Students are given the scenario of being commissioned to create a stained-glass window for a new architecture firm. This provides a real-world scenario for students to practice graphing systems of equations (simultaneous pairs of linear equations), as well as creating systems of equations when given constraints.

This activity is a result of the ALEX Resource Development Summit.
  Associated Standards and Objectives  
Content Standard(s):
Mathematics
MA2019 (2019)
Grade: 8
12. Solve systems of two linear equations in two variables by graphing and substitution.

a. Explain that the solution(s) of systems of two linear equations in two variables corresponds to points of intersection on their graphs because points of intersection satisfy both equations simultaneously.

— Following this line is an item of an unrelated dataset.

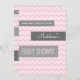 Convites personalizados para bebês em elegante e moderno pastel claro, cor-de-rosa-bebê, cinza de carvão escuro e padrão de listras retrô chevron zigzags branco. Personalizável com seu texto, entre em contato conosco para solicitar uma alteração de cor.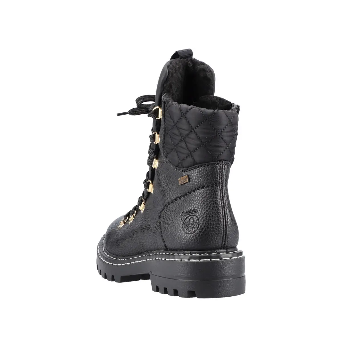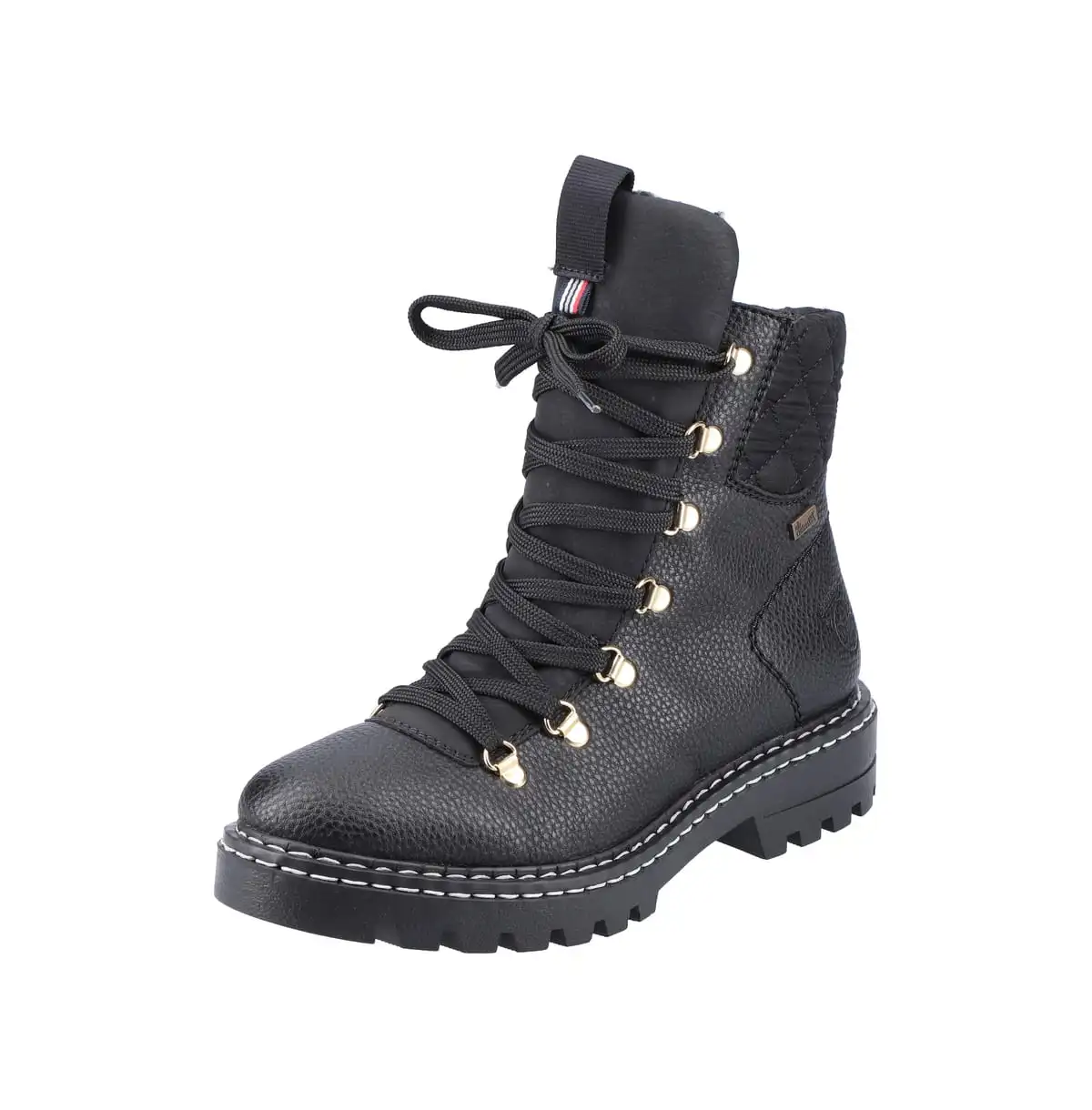 Rebellisch cool und total angesagt. Diese lässigen Biker Boots mit gestepptem, mittelhohem Schaft kann man sowohl im Alltag als auch in der Freizeit zu vielen Looks kombinieren! Die clevere Kombination aus Schnürung und Reißverschluss ermöglicht ein einfaches An- und Ausziehen. Goldfarbene Bergsteigerösen sind hübsche Details. Die leichte und robuste Profilsohle überzeugt auf ganzer Linie und die weiche Decksohle sorgt für extra Tragekomfort. Außerdem ist deinen Füßen durch die Komfortweite G mehr Raum geboten. Die kuschelige Fütterung und die RiekerTex-Technologie halten die Füße warm und trocken.

b. Interpret and justify the results of systems of two linear equations in two variables (one solution, no solution, or infinitely many solutions) when applied to real-world and mathematical problems.
Unpacked Content
Evidence Of Student Attainment:
Students:
  • Graph a system of two linear equations, recognizing that the ordered pair for the point of intersection is the x-value that will generate the given y-value for both equations.
  • Recognize that graphed lines with one point of intersection (different slopes) will have one solution, parallel lines (same slope, different y-intercepts) have no solutions, and lines that are the same (same slope, same y-intercept) will have infinitely many solutions.
  • Use substitution to solve a system, given two linear equations in slope-intercept form or one equation in standard form and one in slope-intercept form.
  • Make sense of their solutions by making connections between algebraic and graphical solutions and the context of the system of linear equations.
Teacher Vocabulary:
  • System of linear equations
  • Point of intersection
  • One solution
  • No solution
  • Infinitely many solutions
  • Parallel lines
  • Slope-intercept form of a linear equation
  • Standard form of a linear equation
Knowledge:
Students know:
  • The properties of operations and equality and their appropriate application.
  • Graphing techniques for linear equations (using points, using slope-intercept form, using technology).
  • Substitution techniques for algebraically finding the solution to a system of linear equations.
Skills:
Students are able to:
  • generate a table from an equation.
  • Graph linear equations.
  • Identify the ordered pair for the point of intersection.
  • Explain the meaning of the point of intersection (or lack of intersection point) in context.
  • Solve a system algebraically using substitution when both equations are written in slope-intercept form or one is written in standard form and the other in slope-intercept form.
Understanding:
Students understand that:
  • any point on a line when substituted into the equation of the line, makes the equation true and therefore, the intersection point of two lines must make both equations true.
  • Graphs and equations of linear relationships are different representations of the same relationships, but reveal different information useful in solving problems, and allow different solution strategies leading to the same solutions.
Diverse Learning Needs:
Essential Skills:
Learning Objectives:
M.8.12.1: Define variables.
M.8.12.2: Recall how to estimate.
M.8.12.3: Recall how to solve linear equations.
M.8.12.4: Demonstrate how to graph solutions to linear equations.
M.8.12.5: Recall how to graph ordered pairs on a Cartesian plane.
M.8.12.6: Recall that linear equations can have one solution (intersecting), no solution (parallel lines), or infinitely many solutions (graph is simultaneous).
M.8.12.7: Define simultaneous.
M.8.12.8: Recall how to solve linear equations.
M.8.12.9: Recall properties of operations for addition and multiplication.
M.8.12.10: Discover that the intersection of two lines on a coordinate plane is the solution to both equations.
M.8.12.11: Define point of intersection.
M.8.12.12: Recall how to solve linear equations.
M.8.12.13: Demonstrate how to graph on the Cartesian plane.
M.8.12.14: Identify ordered pairs.
M.8.12.15: Recall how to solve linear equations in two variables by using substitution.
M.8.12.16: Create a word problem from given information.
M.8.12.17: Recall how to solve linear equations.
M.8.12.18: Explain how to write an equation to solve real-world mathematical problems.

Prior Knowledge Skills:
  • Define quadrant, coordinate plane, coordinate axes (x-axis and y-axis), horizontal, vertical, and reflection.
  • Demonstrate an understanding of an extended coordinate plane.
  • Draw a four-quadrant coordinate plane.
  • Draw and extend vertical and horizontal number lines.
  • Interpret graphing points in all four quadrants of the coordinate plane in real-world situations.
  • Recall how to graph points in all four quadrants of the coordinate plane.
Alabama Alternate Achievement Standards
AAS Standard:
M.AAS.8.12 Solve two-step linear equations where coefficients are less than 10 and answers are integers.
Learning Objectives:

I can solve systems of linear equations by graphing.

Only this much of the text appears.